DATASET RECORDS:
Content starts

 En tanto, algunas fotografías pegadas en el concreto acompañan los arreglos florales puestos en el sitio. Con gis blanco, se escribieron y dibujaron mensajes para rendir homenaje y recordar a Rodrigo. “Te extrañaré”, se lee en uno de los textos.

Content ends
Content starts

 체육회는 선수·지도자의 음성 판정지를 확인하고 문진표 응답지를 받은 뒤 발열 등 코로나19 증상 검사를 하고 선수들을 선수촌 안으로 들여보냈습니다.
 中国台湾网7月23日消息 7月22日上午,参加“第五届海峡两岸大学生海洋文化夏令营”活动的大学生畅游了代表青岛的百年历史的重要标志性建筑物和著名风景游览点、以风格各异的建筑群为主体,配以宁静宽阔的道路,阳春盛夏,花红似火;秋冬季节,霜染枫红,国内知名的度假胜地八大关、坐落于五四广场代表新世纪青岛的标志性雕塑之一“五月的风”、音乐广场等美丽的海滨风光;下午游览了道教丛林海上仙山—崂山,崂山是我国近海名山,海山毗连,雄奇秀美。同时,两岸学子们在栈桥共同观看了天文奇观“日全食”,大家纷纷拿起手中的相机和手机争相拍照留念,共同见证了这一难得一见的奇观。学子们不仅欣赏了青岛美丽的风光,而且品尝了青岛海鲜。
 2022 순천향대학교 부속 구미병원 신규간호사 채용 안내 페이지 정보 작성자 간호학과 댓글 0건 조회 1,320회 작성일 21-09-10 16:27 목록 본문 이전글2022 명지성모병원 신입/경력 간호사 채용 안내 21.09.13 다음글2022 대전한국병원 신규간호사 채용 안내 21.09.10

Content ends

YOUR OBJECTIVE:
Using the data above, transcribe the lines that run from the line with "中国台湾网7月23日消息 7" to the line with "2022 순천향대학교 부속", both ends kept, and output nothing else.

OUTPUT OF THE TASK:
 中国台湾网7月23日消息 7月22日上午,参加“第五届海峡两岸大学生海洋文化夏令营”活动的大学生畅游了代表青岛的百年历史的重要标志性建筑物和著名风景游览点、以风格各异的建筑群为主体,配以宁静宽阔的道路,阳春盛夏,花红似火;秋冬季节,霜染枫红,国内知名的度假胜地八大关、坐落于五四广场代表新世纪青岛的标志性雕塑之一“五月的风”、音乐广场等美丽的海滨风光;下午游览了道教丛林海上仙山—崂山,崂山是我国近海名山,海山毗连,雄奇秀美。同时,两岸学子们在栈桥共同观看了天文奇观“日全食”,大家纷纷拿起手中的相机和手机争相拍照留念,共同见证了这一难得一见的奇观。学子们不仅欣赏了青岛美丽的风光,而且品尝了青岛海鲜。
 2022 순천향대학교 부속 구미병원 신규간호사 채용 안내 페이지 정보 작성자 간호학과 댓글 0건 조회 1,320회 작성일 21-09-10 16:27 목록 본문 이전글2022 명지성모병원 신입/경력 간호사 채용 안내 21.09.13 다음글2022 대전한국병원 신규간호사 채용 안내 21.09.10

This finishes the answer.